I found I had to grind down the crimper face so it fit between the wings that crimp to the insulation and the wings that hold the pin in the connector socket, and just crimp the wings that connect the wire to the pin; those little pins are a pain to work with
 
subD pins. (as in, period) :)

You can use the crimpers you already have for... subD pins. The machined ones are gold plated, as Joe mentioned a few years ago in this thread. Someone else back then mentioned that the ones in the kit were 'silver'. If they were Molex, they might have been silver *colored*... but unlikely they had silver plating.

Anyone know if the smaller CPC series connectors take subD pins & tools, or do you need dedicated tools for them?

Charlie
(did I mention that across multiple careers in electronics, I have an ever growing hatred for molex style connectors?)
 
CPC series 2 connectors (8-63 pin) use standard d-sub pins & sockets.
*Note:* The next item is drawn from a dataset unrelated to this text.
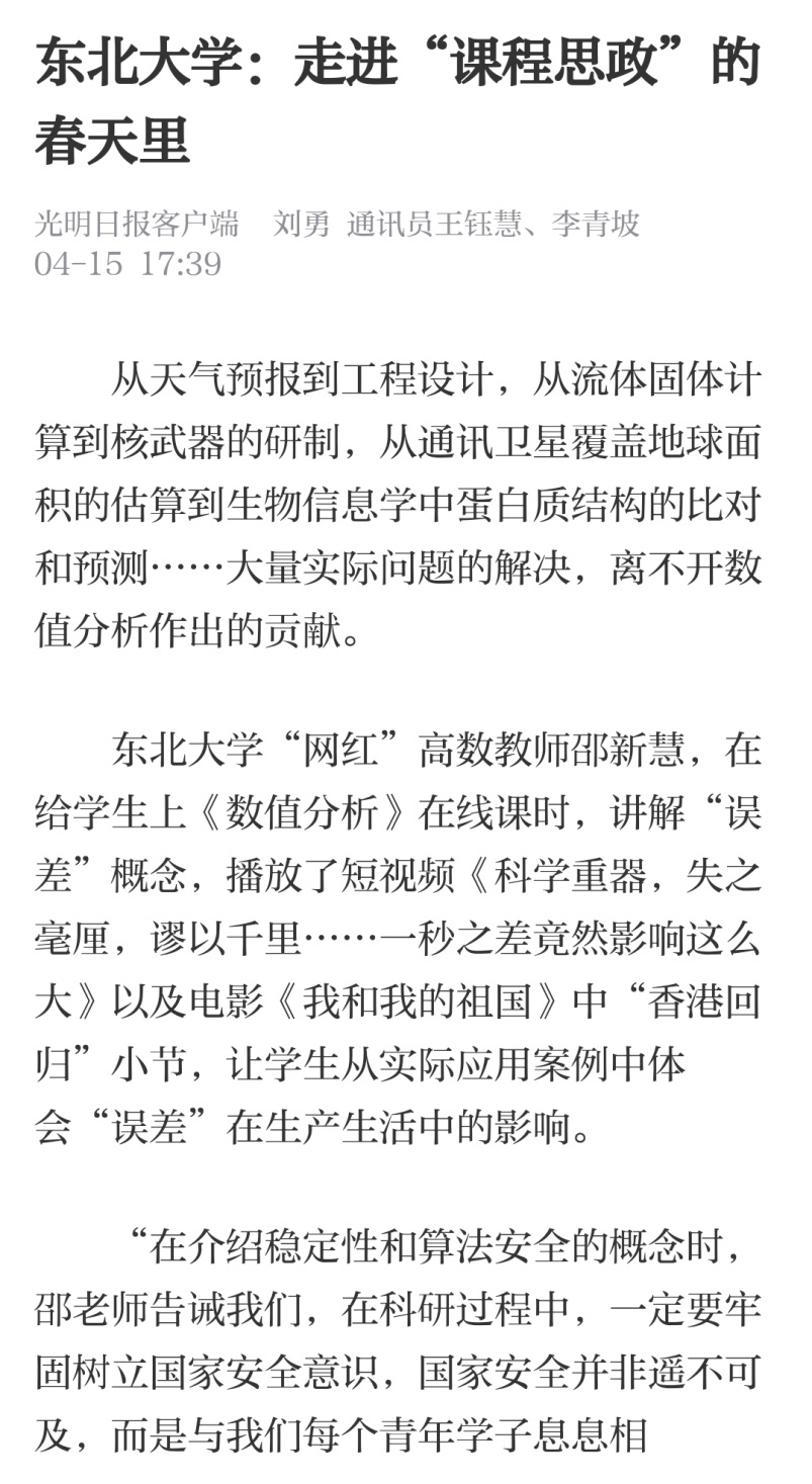 太阳成集团tyc33455“网红”高数教师邵新慧,在给学生上《数值分析》在线课时,讲解“误差”概念,播放了短视频《科学重器,失之毫厘,谬以千里……一秒之差竟然影响这么大》以及电影《我和我的祖国》中“香港回归”小节,让学生从实际应用案例中体会“误差”在生产生活中的影响。

The other CPC series use different pins.
 
The majority of the generic crimpers have fingers .150" to .180" thick. The mini Molex pins measure .130" from the rear detente protrusions to the insulation crimp. The choice is grind the crimper fingers down or crimp the wire and the pin simultaneously. As me how I know this :)


It takes two steady hands to keep the wire correctly positioned if you elect to go the unicrimp way. If you do either and do not disturb the retention protrusions they will stay in position well. I have converted to all 9 pin D Subs because the little weight savings with the Molex is not great enough to offset the addded hassle of crimping the Molex pins.